● **The data**
--------------------------------------------------

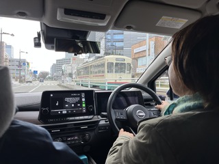 路面電車が見える。
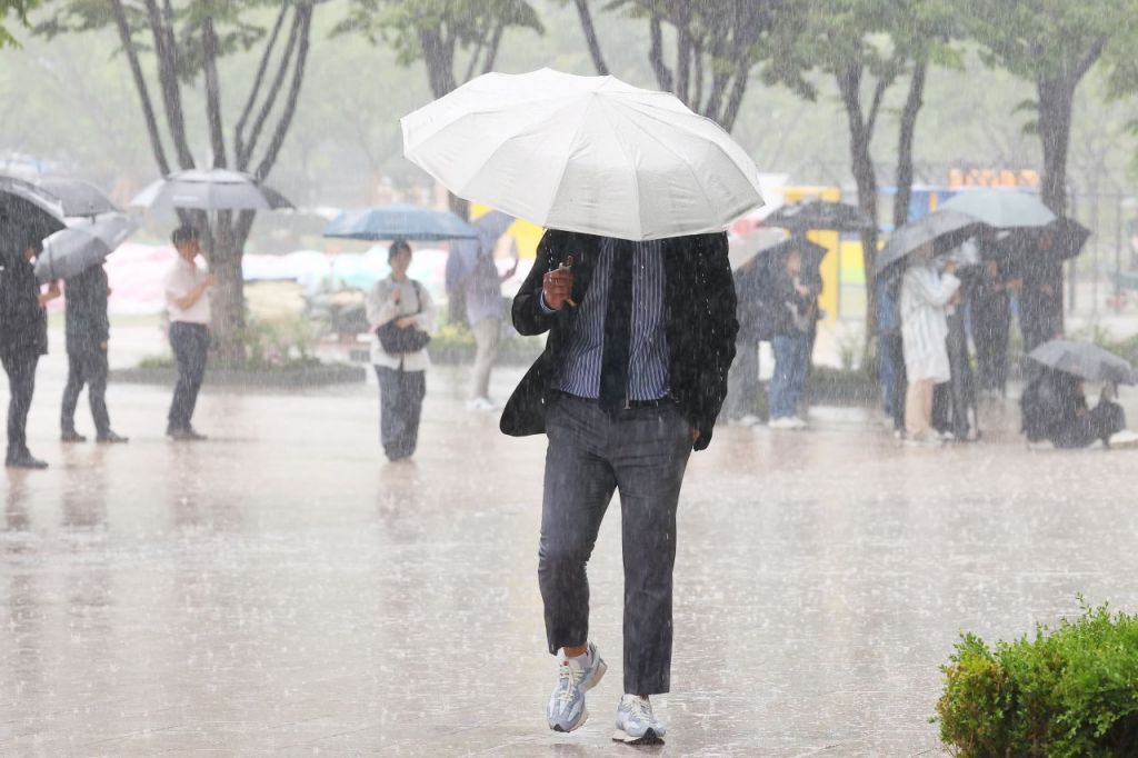우산을 쓴 시민들이 발걸음을 재촉하고 있다. 연합뉴스
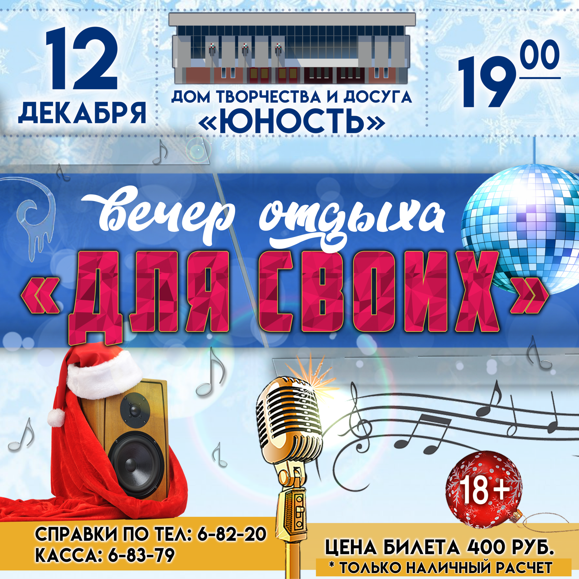 Дорогие друзья, внимание! Только представьте: концертная программа, захватывающий интерактив с залом, зажигательная дискотека, фотозона и море позитива ждут вас 12 декабря в 19:00 на вечере отдыха «ДЛЯ СВОИХ» ! Отличное настроение гарантировано!

--------------------------------------------------

● **Aim of the exercise**
Could you retype the whole listing word for word, minus its pictures?

● **Result of this exercise**
 路面電車が見える。
우산을 쓴 시민들이 발걸음을 재촉하고 있다. 연합뉴스
 Дорогие друзья, внимание! Только представьте: концертная программа, захватывающий интерактив с залом, зажигательная дискотека, фотозона и море позитива ждут вас 12 декабря в 19:00 на вечере отдыха «ДЛЯ СВОИХ» ! Отличное настроение гарантировано!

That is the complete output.